START The data

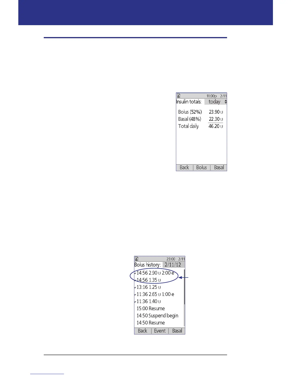 e bolus history screen displays a day-by-day list of the time and units of insulin
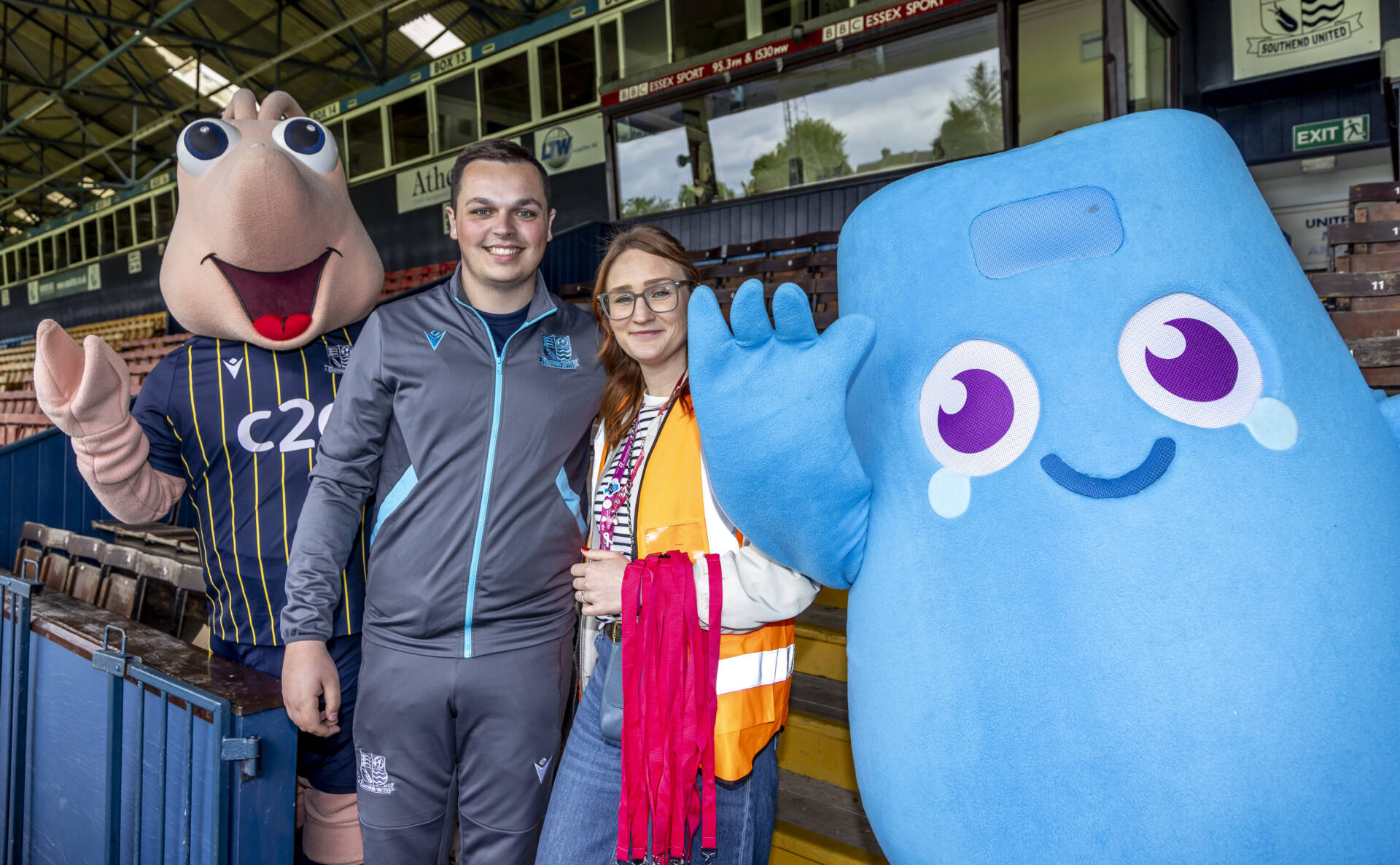 Fifth Image ‘The trophy presentation team of Sammy the Shrimp, Rylee Doe (Commercial Manager, Southend United), Alice Shimali (Head of Communications, c2c) and Pip!’
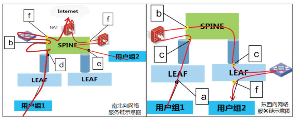 利用SDN网络的微分段功能,可设置基于IPv6南北(东西)向业务流量的服务链,实现IPv6流量的南北(东西)业务流量按需引流到安全防火墙,从而灵活地实现基于IPv6的安全服务链,保障IPv6业务的安全访问。服务链本身也可以做到服务资源弹性扩容,灵活、按需分配(图3)。
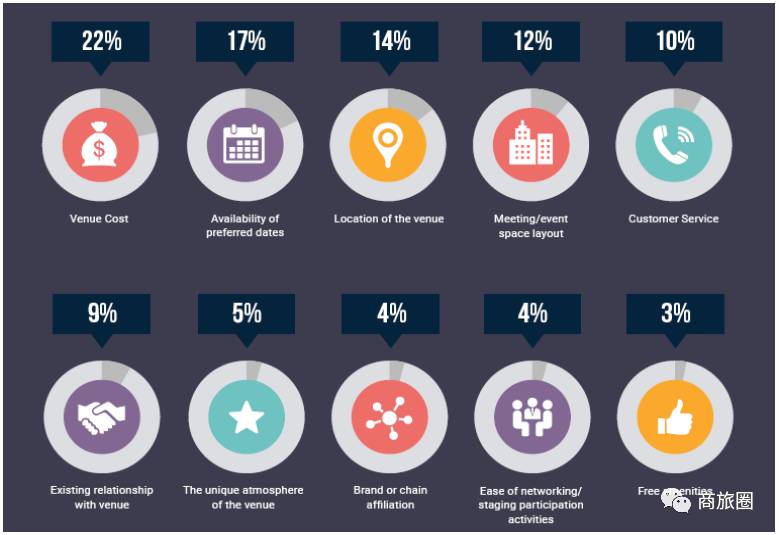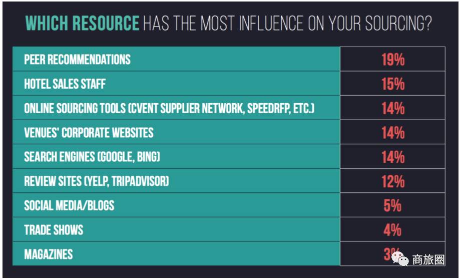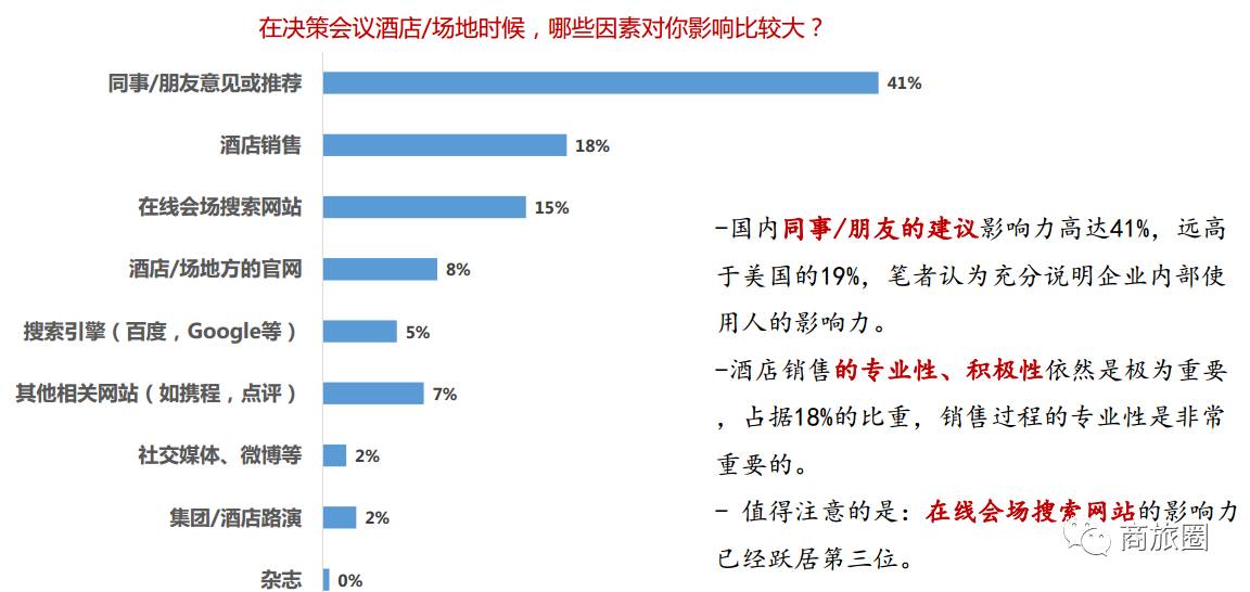 影响中国会议买家采购决策的三个最重要的因素依次是:同事朋友的意见(41%)、酒店销售(19%)和在线会场搜索网站(15%)。对于美国的会议买家来说,最主要影响因素则是在线渠道(包括专业场地搜索平台14%,酒店官网14%和搜索引擎14%)。

END The data

• [What is required]
Starting at the top of the listing above, please restate word for word each line up to and including the one that holds "Fifth Image ‘The", omitting every image.

• [Result]
 e bolus history screen displays a day-by-day list of the time and units of insulin
 Fifth Image ‘The trophy presentation team of Sammy the Shrimp, Rylee Doe (Commercial Manager, Southend United), Alice Shimali (Head of Communications, c2c) and Pip!’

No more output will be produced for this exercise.